Economics, justice and peace

Resolutions address poverty, immigration, AIDS, reparations and Palestine
June 1, 2006

Immigration rights, reparations for slavery, peace proposals for Palestine/Israel, world poverty and HIV/AIDS are among the top national and international issues on the agenda in Columbus, Ohio.

The Standing Commission on Anglican and International Peace with Justice will make the Millennium Development Goals, first presented at General Convention in 2003, a focus again. Supported by all 191 U.N. member states, the MDGs are a series of initiatives geared to eliminating the most extreme forms of poverty and hunger in the world by the year 2015.

The commission’s resolutions ask that the church designate 0.7 percent or more of its budget for work that will help meet the goals. It also proposes that dioceses establish global reconciliation commissions dedicated to mobilizing Episcopalians for such work.

“The MDGs are about bringing the world together,” says the Rev. Michael Kinman, executive director of Episcopalians for Global Reconciliation. “They are about meeting Christ in, and bringing Christ to, the hopeless and the dying. If we are not about this, then what are we about?”
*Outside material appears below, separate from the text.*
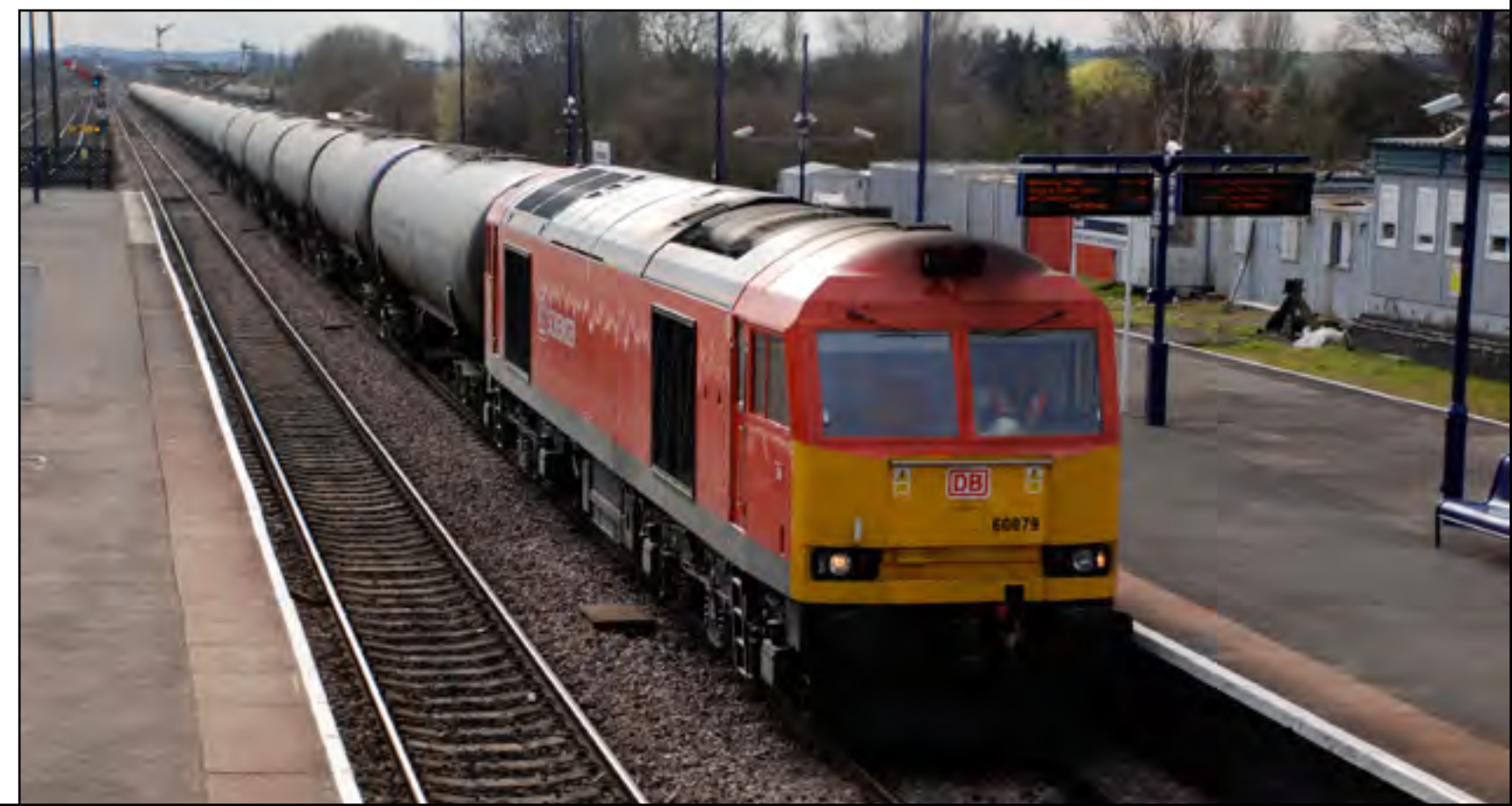
Below: Class 60 079 passes through Barnetby with the 6E54 Kingsbury - Humber Oil Refinery discharged tank cars.

Kinman, a commission member, insists that the Episcopal Church can make a real difference. “We have the wealth and the influence to make huge strides in this mission. But more than that, when we connect our efforts to God’s mission, there is nothing we can’t do.”

Peace and the Middle East

The commission will present five resolutions dealing with Palestine, Israel and human rights in that region. The first supports the “rightful existence” of the State of Israel and the State of Palestine, with Jerusalem as their shared capital. Other resolutions advocate for an end to the isolation of East Jerusalem and Bethlehem from the West Bank; the removal of Israel’s security wall; assurance of human rights for Palestinians; the return of control of Gaza’s borders and coastline to the Palestinians; and assurance that no U.S. tax dollars finance the Israeli occupation of Palestinian territories.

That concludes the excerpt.